Cracking in my knees used to be astounding, I couldn't understand it. I think it's related to the infections, as I've effectively treated that symptom has disappeared for me.
You've caught the infections early on which is great. I'd try to do anything you can to minimize your stress and anxiety about
the illness. Not to minimize our situations, but what you'll read online are usually the self-selected cases of people who have the most trouble healing from these illnesses, and it can be frightening to hear those stories. Many people recover, I think best strategy is to treat to the point of eradicating symptoms.

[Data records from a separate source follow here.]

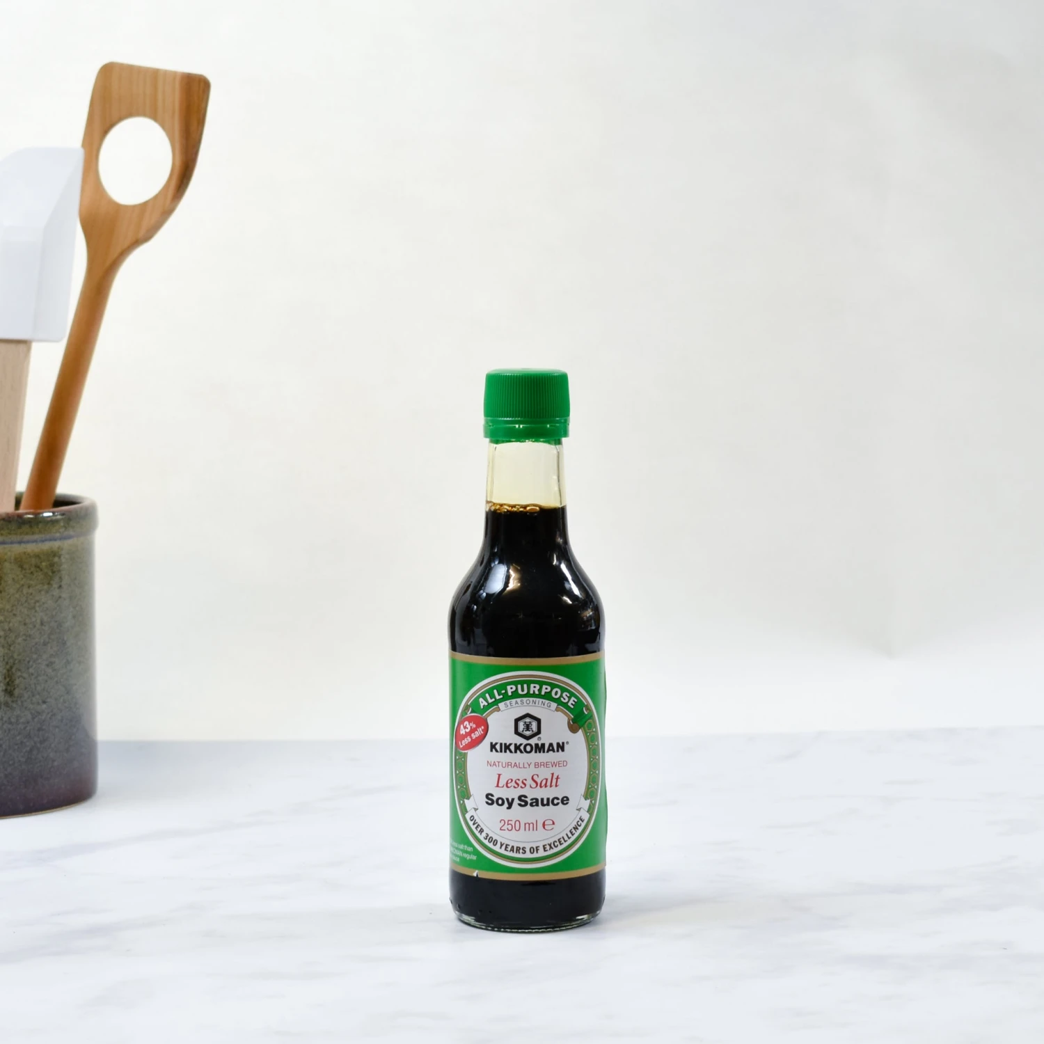 Kikkoman reduced salt soy sauce is an entirely natural variety, made from soybeans, water, wheat and salt. Three months into the traditional brewing process, the ‘Maillard Reaction’ turns the sauce into a clear, red-brown colour – so no additives or syrups are needed to enhance Kikkoman soy sauce’s colour or flavour. The resulting ‘less salt soy sauce’ is a complex and well-balanced sauce containing 300 natural aroma components. The salt content is reduced using a special fermentation process which retains the unique flavour of traditional Kikkoman soy sauce, but with 43% less salt.Â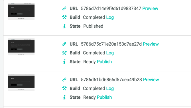 So we said “No more!” Netlify versions each asset according to its SHA1 and then burn that into the markup directly. This means that when asked “What image did they see?” we always know. We do the same with the markup, versioning its content by fingerprinting. By grouping the markup associated with a particular version of the site, we have created a snapshot of the whole site state; we call them deploys. They are very lightweight and let us keep a complete history of the site throughout time.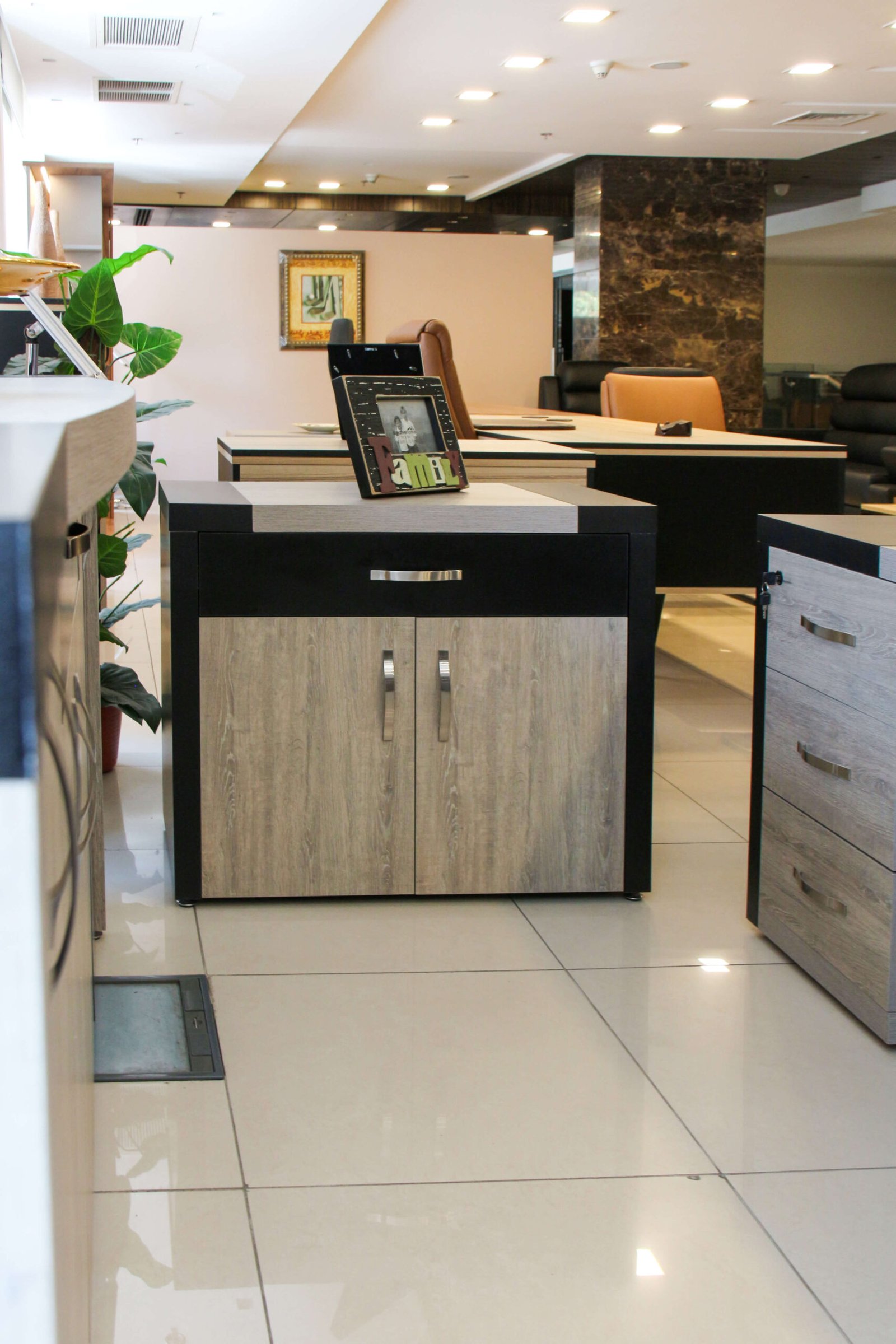 יחידת צד עם 1 מגירה סגירה רכה, ארון עם 2 דלתות וצירים הידראוליים (סגירה רכה), עשויה MFC, עובי החלק העליון 50 מ"מ, מכוסה במלמין משני הצדדים, עם ריפוד PVC בקצוות להגנה נוספת.

I hear that most llmds in New England (those who really are in the trenches and have a lot of experience with these infections) treat early cases very aggressively because they know how serious it can get, so to hedge their bets they do everything they can to knock the infections out early on. It's a strong blast, but it prevent you from having to do lots of treatments in the future when the infections would be more ingrained and difficult to knock back.
I wouldn't trust the negative test, especially if you have continuing symptoms. Immune system response is highly variable, some people mount a chronic igm response and others never mount any antibody response (check out the research on immune system response by Monica Embers and Nicole Baumgarth, amongst others). The pathogen is immuno-evasive/suppressive which makes an antibody-based test somewhat unideal. Plus there are lots of strains and species which the tests aren't looking for.
If you are worried about
the antibiotics may want to look into some of the herbal protocols. When to stop treatment? imo it should be several months after having cleared the symptoms. That is usually the strategy employed by most well-regarded llmds.